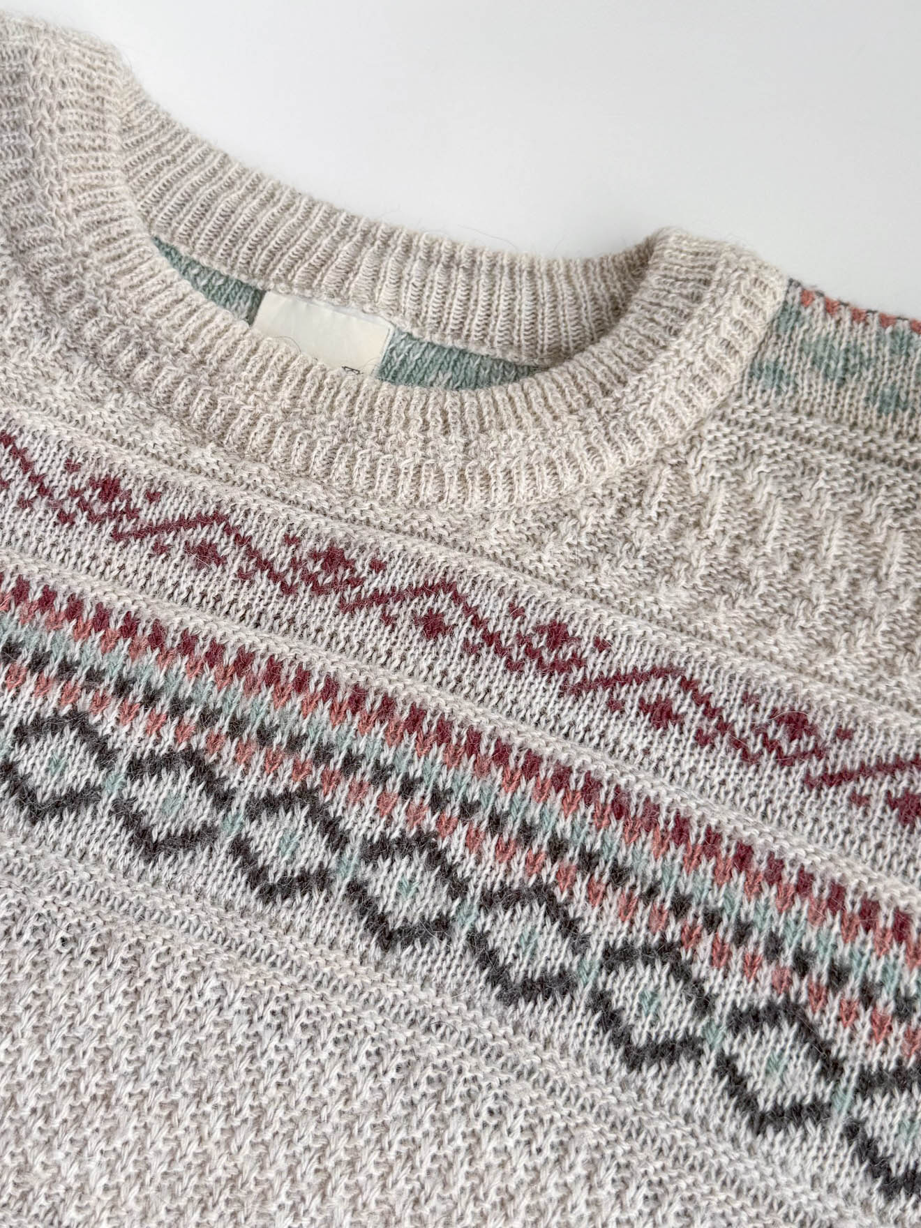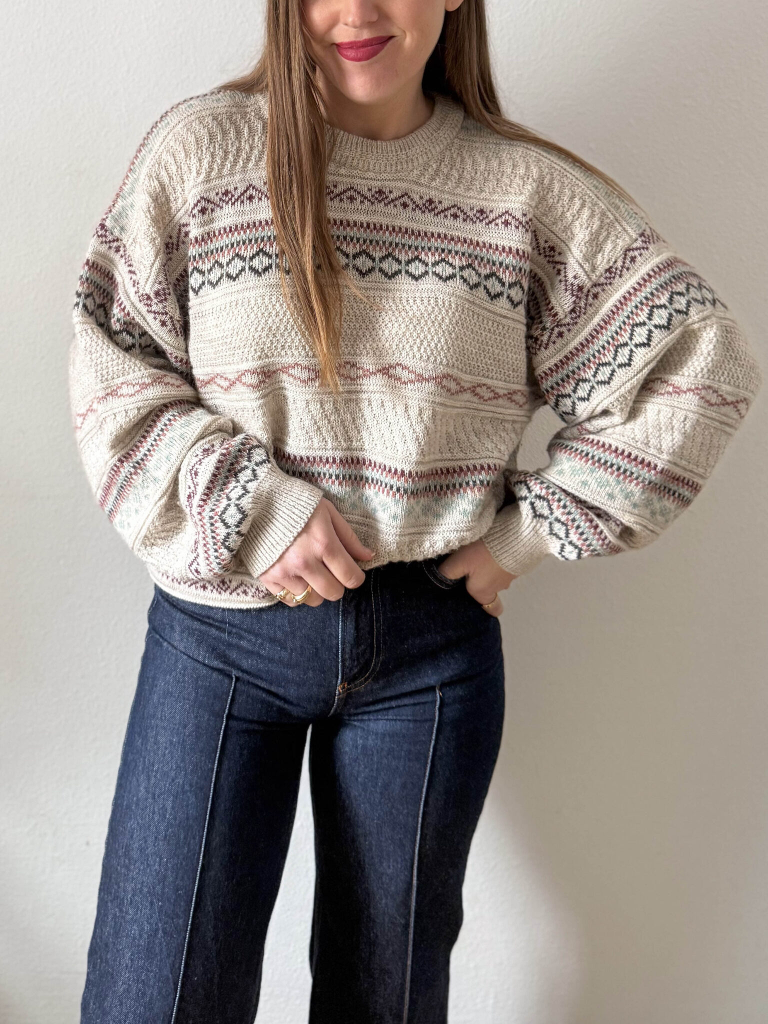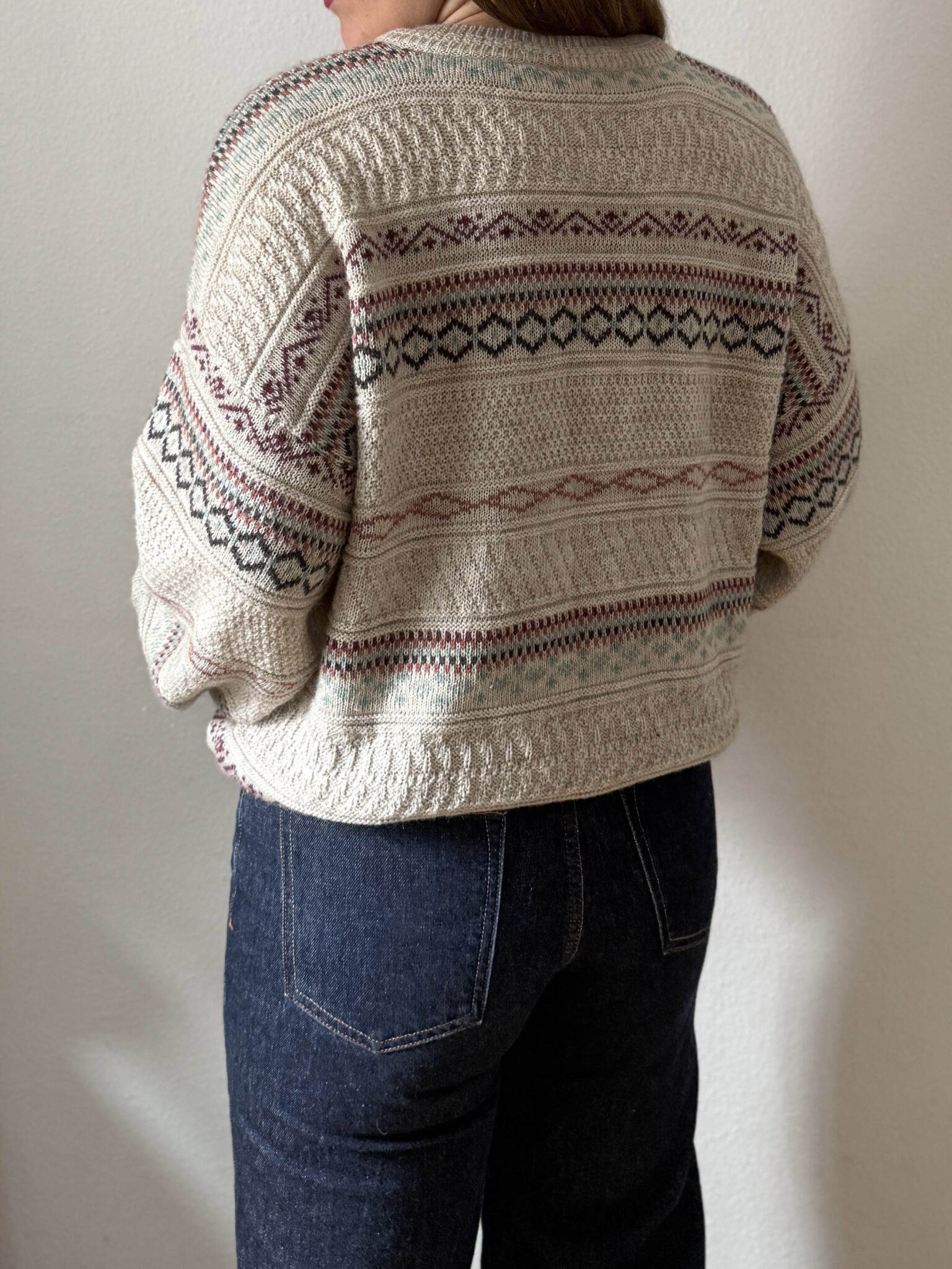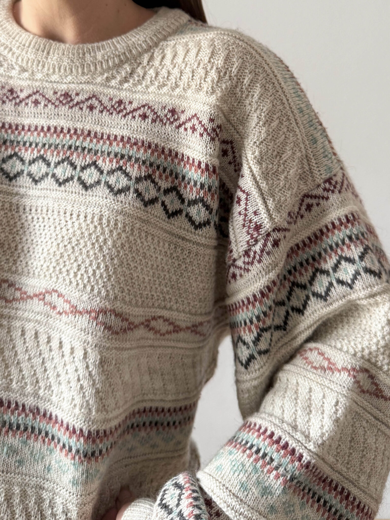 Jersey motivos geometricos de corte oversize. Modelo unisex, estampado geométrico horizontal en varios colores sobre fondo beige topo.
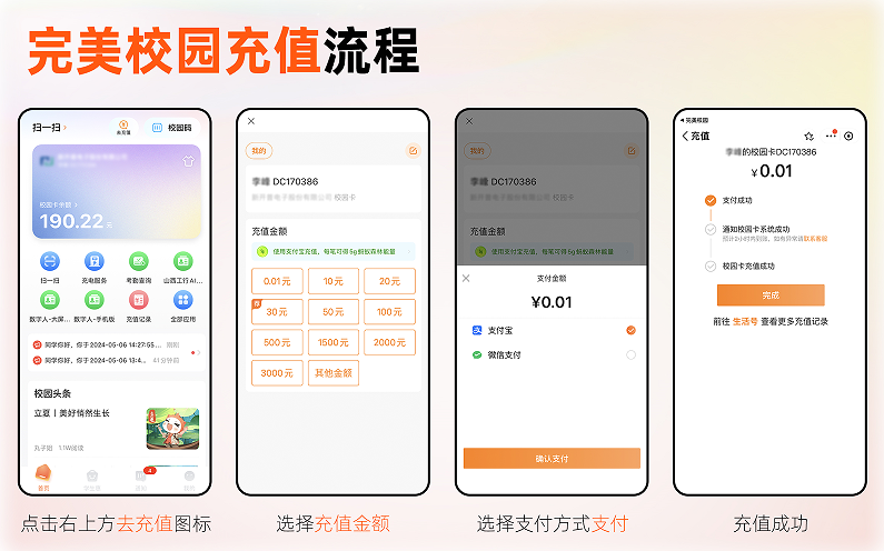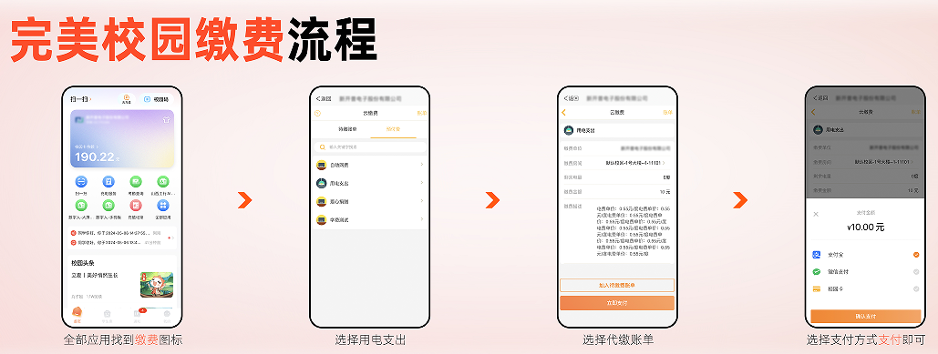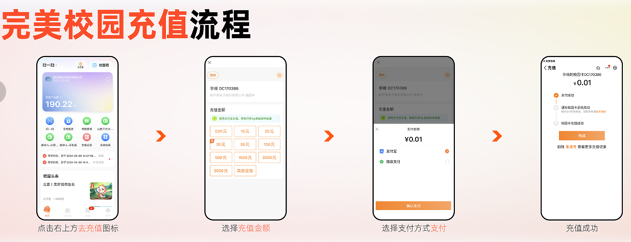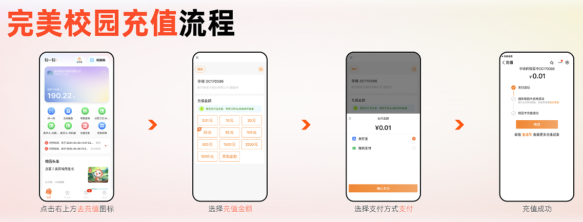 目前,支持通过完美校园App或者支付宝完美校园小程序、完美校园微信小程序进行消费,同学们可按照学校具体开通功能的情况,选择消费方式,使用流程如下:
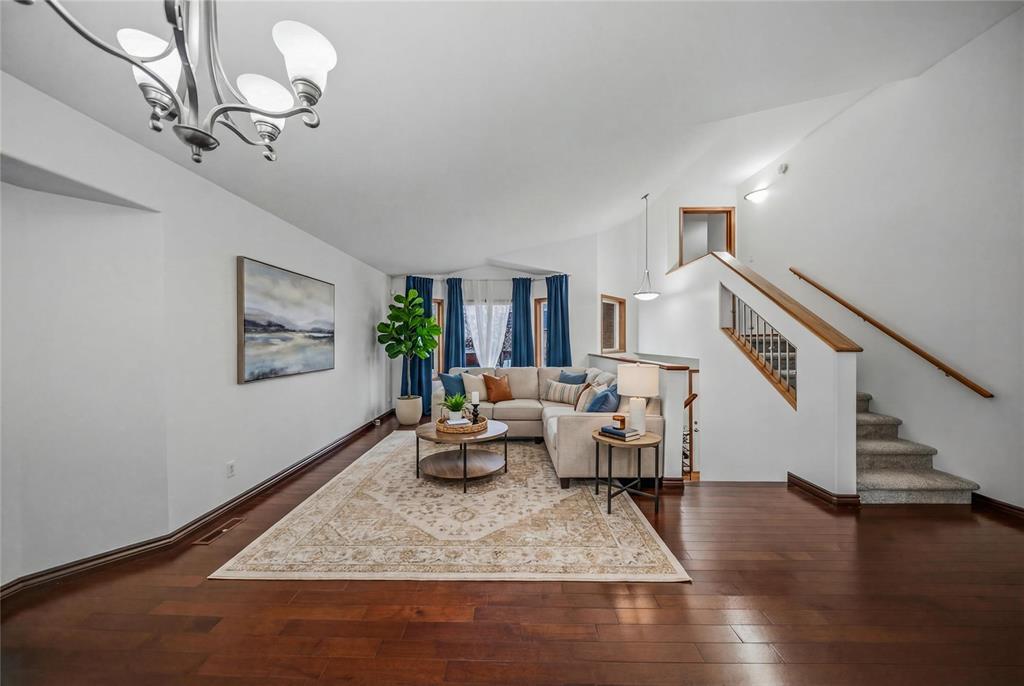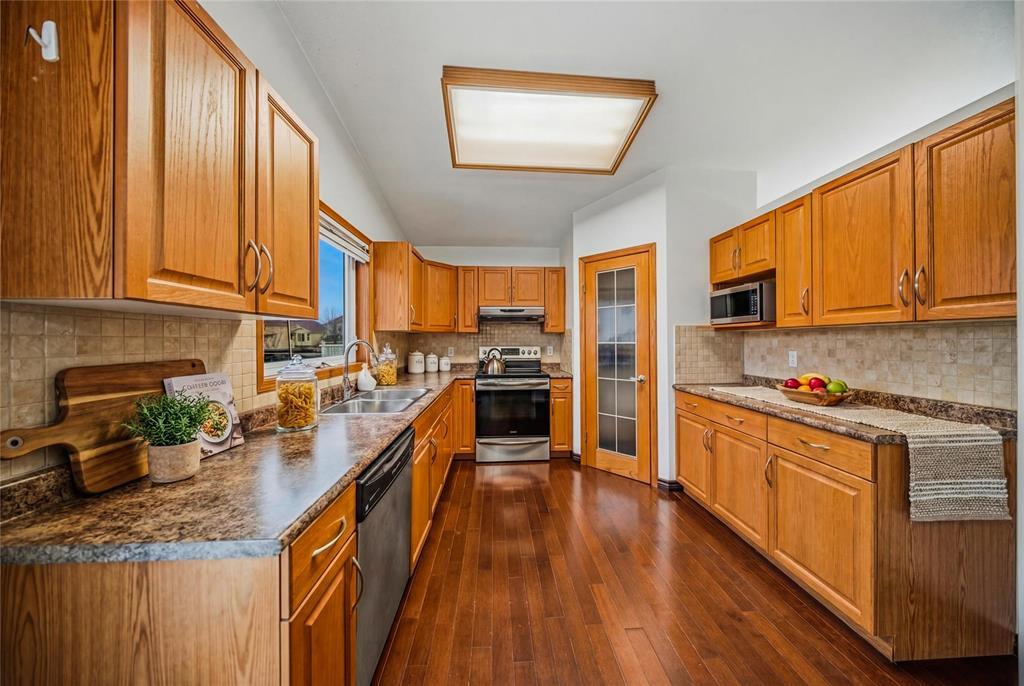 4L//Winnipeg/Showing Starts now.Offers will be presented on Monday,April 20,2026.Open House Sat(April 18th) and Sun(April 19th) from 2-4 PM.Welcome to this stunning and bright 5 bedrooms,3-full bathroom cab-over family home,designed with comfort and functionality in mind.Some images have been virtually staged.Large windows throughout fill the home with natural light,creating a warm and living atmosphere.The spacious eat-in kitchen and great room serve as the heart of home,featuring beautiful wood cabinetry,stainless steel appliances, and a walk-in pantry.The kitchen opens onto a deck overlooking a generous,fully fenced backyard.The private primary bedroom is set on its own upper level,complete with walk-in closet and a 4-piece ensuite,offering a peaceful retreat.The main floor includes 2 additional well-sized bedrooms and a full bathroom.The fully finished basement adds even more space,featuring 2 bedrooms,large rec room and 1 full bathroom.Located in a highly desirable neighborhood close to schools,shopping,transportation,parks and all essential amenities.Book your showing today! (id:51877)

_Your instructions_: Could you give the listing again exactly, minus its pictures?

_Answer space_:
 Jersey motivos geometricos de corte oversize. Modelo unisex, estampado geométrico horizontal en varios colores sobre fondo beige topo.
 目前,支持通过完美校园App或者支付宝完美校园小程序、完美校园微信小程序进行消费,同学们可按照学校具体开通功能的情况,选择消费方式,使用流程如下:
 4L//Winnipeg/Showing Starts now.Offers will be presented on Monday,April 20,2026.Open House Sat(April 18th) and Sun(April 19th) from 2-4 PM.Welcome to this stunning and bright 5 bedrooms,3-full bathroom cab-over family home,designed with comfort and functionality in mind.Some images have been virtually staged.Large windows throughout fill the home with natural light,creating a warm and living atmosphere.The spacious eat-in kitchen and great room serve as the heart of home,featuring beautiful wood cabinetry,stainless steel appliances, and a walk-in pantry.The kitchen opens onto a deck overlooking a generous,fully fenced backyard.The private primary bedroom is set on its own upper level,complete with walk-in closet and a 4-piece ensuite,offering a peaceful retreat.The main floor includes 2 additional well-sized bedrooms and a full bathroom.The fully finished basement adds even more space,featuring 2 bedrooms,large rec room and 1 full bathroom.Located in a highly desirable neighborhood close to schools,shopping,transportation,parks and all essential amenities.Book your showing today! (id:51877)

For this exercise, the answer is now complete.